Former kingdom in west Central Africa

Ngoyo was a kingdom of the Woyo ethnic group, located in the south of Cabinda and on the Atlantic coast of Central Africa, just north of the Congo River. In the 13th century it formed part of a confederation led by Vungu. Ngoyo tradition held that the kingdom's ancestors were among the earliest settlers in the area, leading their chiefs to title themselves the nfumu nsi ("lords of the earth"). The capital was Mbanza Ngoyo.

In the 1630s Ngoyo was invaded by the forces of Soyo, and the son of the ruler of Soyo was installed as ruler of Ngoyo. It is not clear who the following rulers were for the next few decades.

In the 1680s Ngoyo had various relations with Soyo. It also had several English merchants present. When Antonio II Baretto da Silva invaded, the English forces tried to stop him and protect the interests of Ngoyo, but they were unsuccessful and Baretto da Silva imposed for peace terms.

By 1700, Cabinda had become the leading slave port north of Luanda, and Ngoyo's economy rested heavily on the sale of slaves.

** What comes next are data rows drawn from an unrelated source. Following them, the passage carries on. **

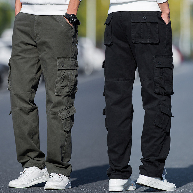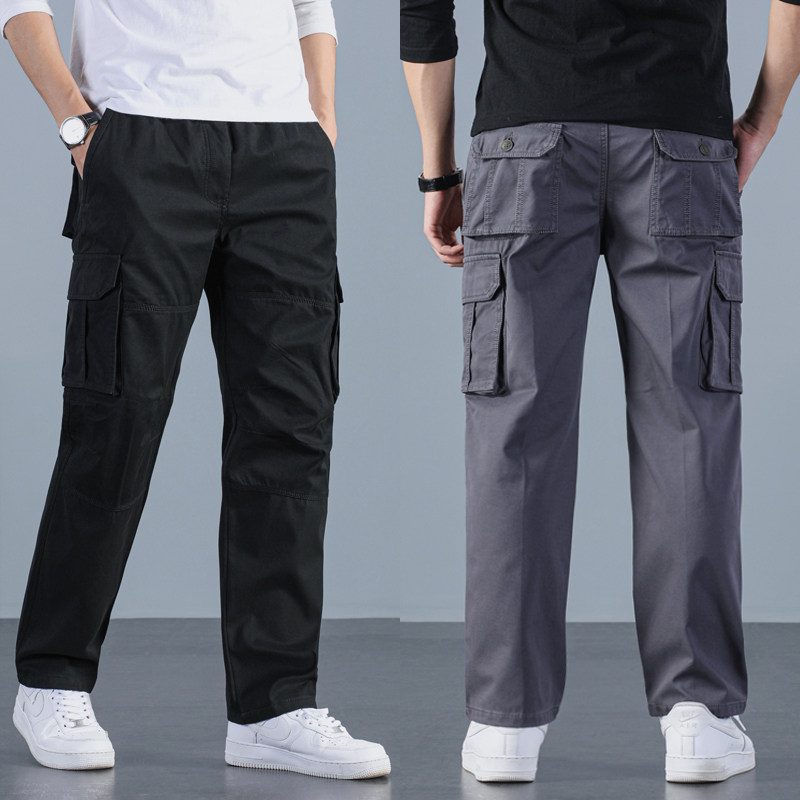 春秋工装裤男厚款男裤休闲裤宽松直筒长裤子中老年男士纯棉裤子男
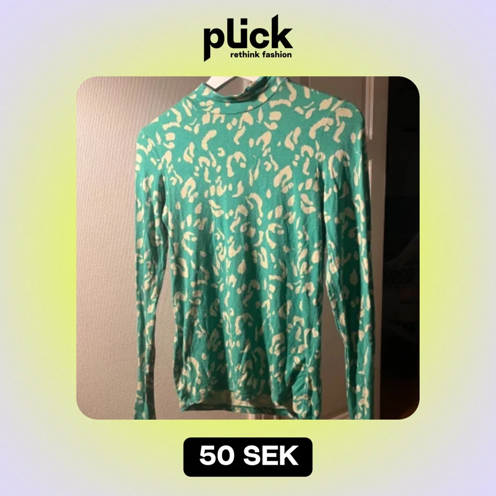 Fin grön långärmad tröja i leopard liknande mönster, tröjan har en liten krage som man ser på bild 1 och 2, köpte i samband med ett klädtema i grönt, aldrig använt efter det💕
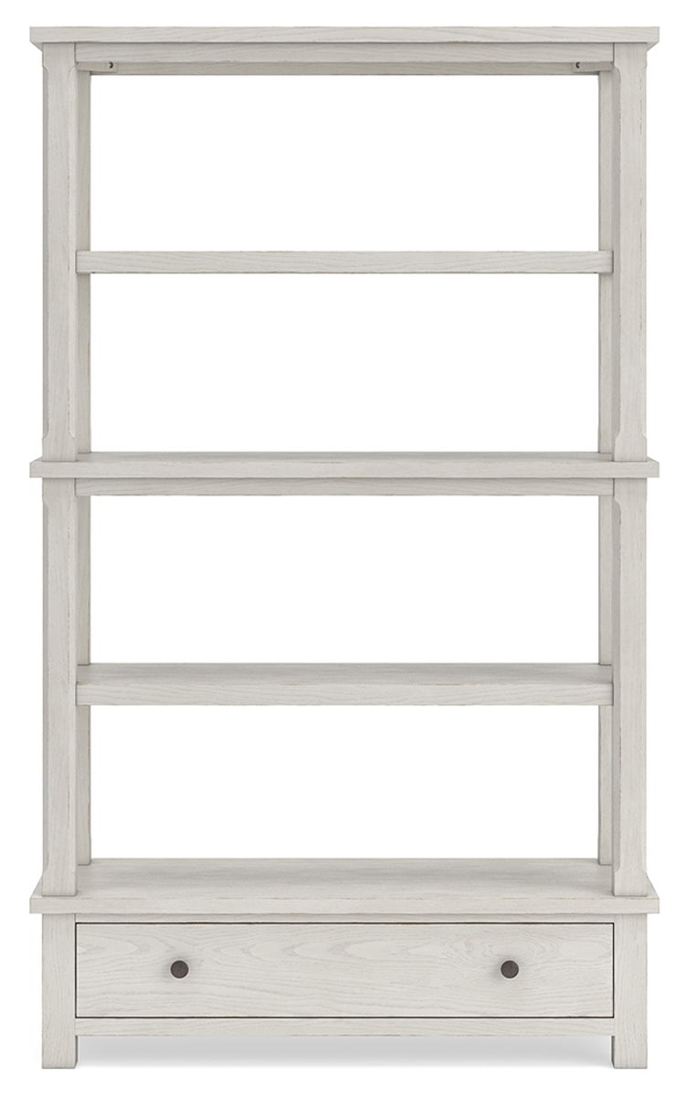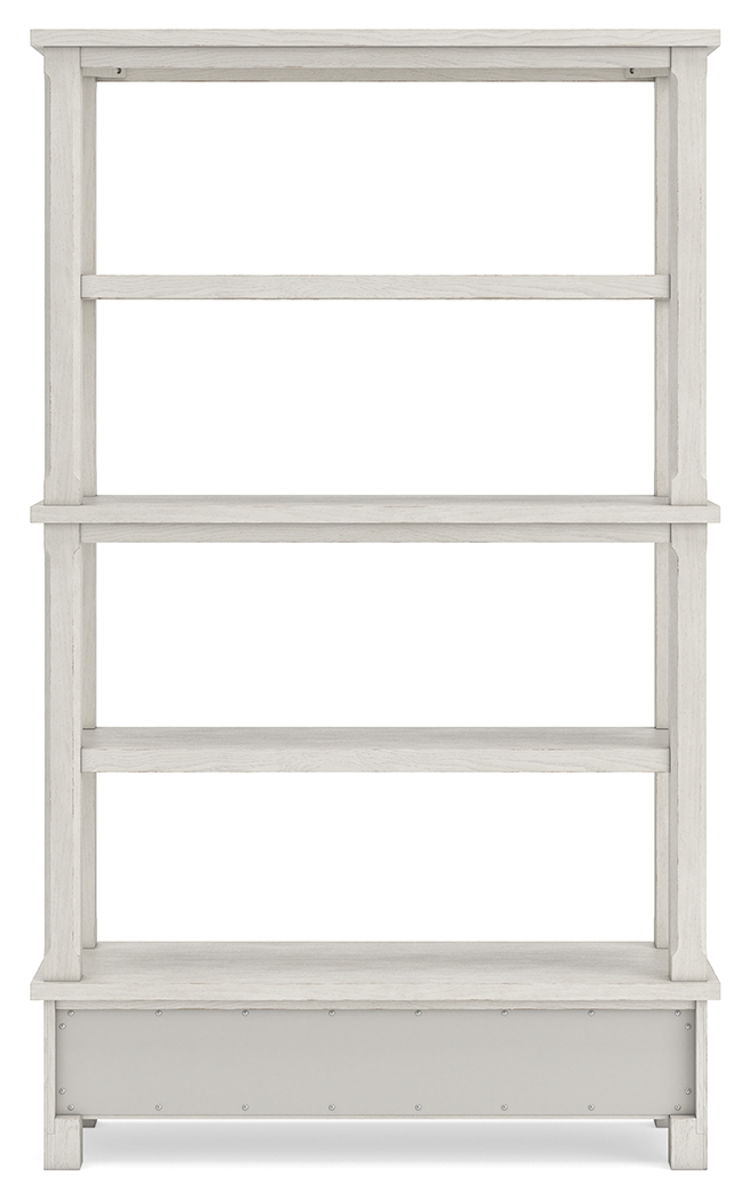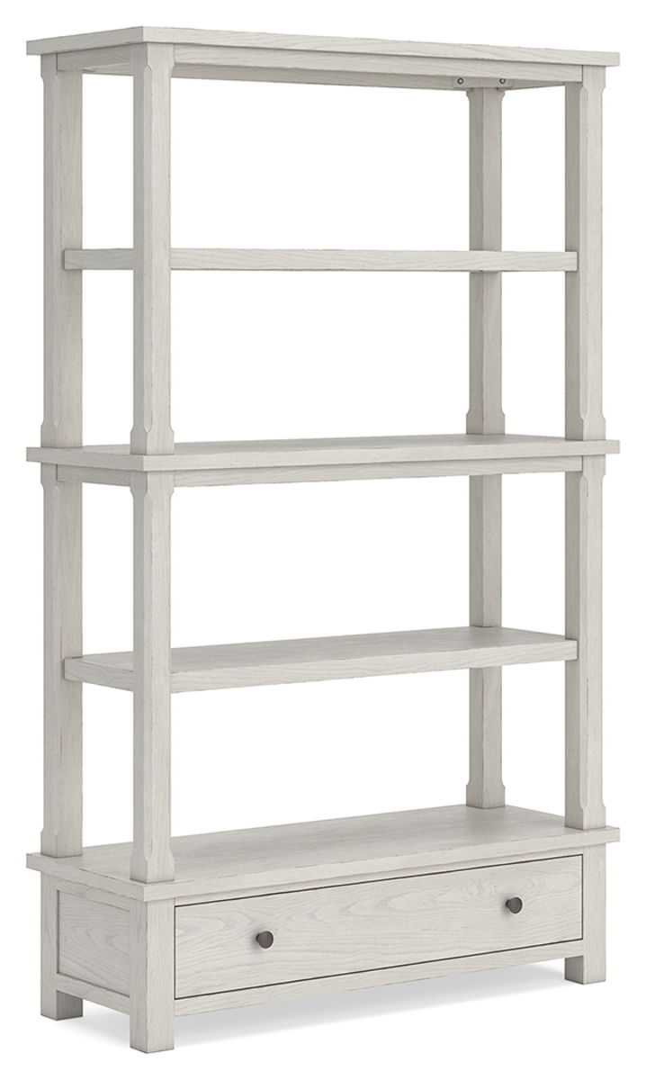 This bookcase is sure to impress when it’s time to study or work from home. With its antiqued white finish and wood grain texture, modern farmhouse-style workstations have never been so fashionable. The open four-shelf design is ideal for storage and displaying your treasures. And that large storage drawer brings even more function to your workspace. All that’s missing is you.

In 1783, Ngoyo joined forces with the neighboring state of Kakongo to destroy a Portuguese fort. However, the kingdom was soon undone by the growing financial burden that the kingship entailed. With fewer and fewer possible claimants seeking the office, the kingdom effectively disintegrated in the 1830s after the nobles failed to elect a new king. In 1885, the Ngoyo signed the Treaty of Simulambuco with Portugal, and became a protectorate of that nation.